Wenden Sie sich an ein Objektiv mit hoher Vergrößerung, das auch eine hohe numerische Blende hat. Das hier gezeigte ist ein 100-faches Ölobjektiv mit einer numerischen Blende von 1,3. Als nächstes verwenden Sie eine Rasierklinge und ein Mikroskopschlitten als gerade Kante, um drei Millimeter breite Streifen aus Kunststoffparaffinfolie zu schneiden.
Legen Sie zwei der Kunststoff-Paraffin-Filmstreifen drei Millimeter voneinander entfernt auf einen sauberen 22 mal 22 Millimeter-Abdeckungsschlupf, und legen Sie dann einen 18 mal 18 Millimeter großen Deckstreifen auf die Streifen, um einen Kanal zu bilden. Übertragen Sie den Abdeckschlupf 10 bis 30 Sekunden lang auf einen Wärmeblock bei 100 Grad Celsius, damit der Paraffinfilm einen versiegelten Kanal bildet. Mit einer Pipette in 50 Mikrogramm pro Milliliter eines Anti-Rhodamine-Antikörpers durch Perfusion fließen und das Dia für 10 Minuten inkubieren.
Waschen Sie den Kanal nach der Inkubation fünfmal mit gefiltertem BRB80, dann fließen Sie in 1%Poloxamer 407 in den gefilterten BRB80, um die Oberfläche gegen unspezifische Bindung zu blockieren und den Schlitten 10 Minuten lang zu inkubieren. Waschen Sie den Kanal erneut fünfmal mit gefiltertem BRB80. Um zu verhindern, dass die Probe austrocknet, fügen Sie zwei Tröpfchen des gefilterten BRB80 an den Enden des Kanals hinzu und fügen Sie bei Bedarf mehr Puffer hinzu.
Legen Sie die Probe auf die Mikroskopstufe und schalten Sie die Epi-Beleuchtungslichtquelle ein. Konzentrieren Sie sich auf die Paraffin-Filmkante, um die Probenoberfläche zu finden, und verschieben Sie dann das Feld, um die Ansicht in die Mitte der Kammer festzulegen. Sie beobachten mehrere Oberflächen, wenn das Objektiv aufgrund der Rückreflektion des Lichts von der Optik innerhalb des optischen Pfades nach oben und unten bewegt wird.

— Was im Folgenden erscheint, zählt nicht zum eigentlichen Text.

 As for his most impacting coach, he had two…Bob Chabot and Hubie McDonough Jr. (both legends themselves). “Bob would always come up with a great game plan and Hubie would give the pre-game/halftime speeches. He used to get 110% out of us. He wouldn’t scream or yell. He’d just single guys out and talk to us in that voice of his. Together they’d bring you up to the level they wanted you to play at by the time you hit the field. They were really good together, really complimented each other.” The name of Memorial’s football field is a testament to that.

Als nächstes zentrieren Sie die Feldmembran im Sichtfeld, indem Sie sie auf halbem Weg schließen und die Stellschrauben verwenden. Sobald die Membran richtig ausgerichtet ist, öffnen Sie sie erneut. Schieben Sie dann in die Bertrand-Linse, um die hintere Brennebene zu sehen, die auch als Ausgangspupille des Objektivs bekannt ist.

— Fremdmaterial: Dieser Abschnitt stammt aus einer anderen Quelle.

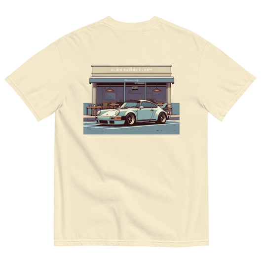 Timeless lines of a 911., the smell of morning coffee, ivory-hued tee shirt. Get yours now.

Schließen Sie die Blendenmembran über die Ränder des Austrittspupillen hinaus und verwenden Sie die Stellschrauben, um die Blendenmembran in Bezug auf die Austrittspupille zu zentrieren. Doppelprüfung durch Öffnen der Blendenmembran und Anpassung ihrer Kanten an die Kanten des Austrittspupillens. Legen Sie dann die Blende membranauf etwa zwei Drittel der numerischen Blende des Ziels fest.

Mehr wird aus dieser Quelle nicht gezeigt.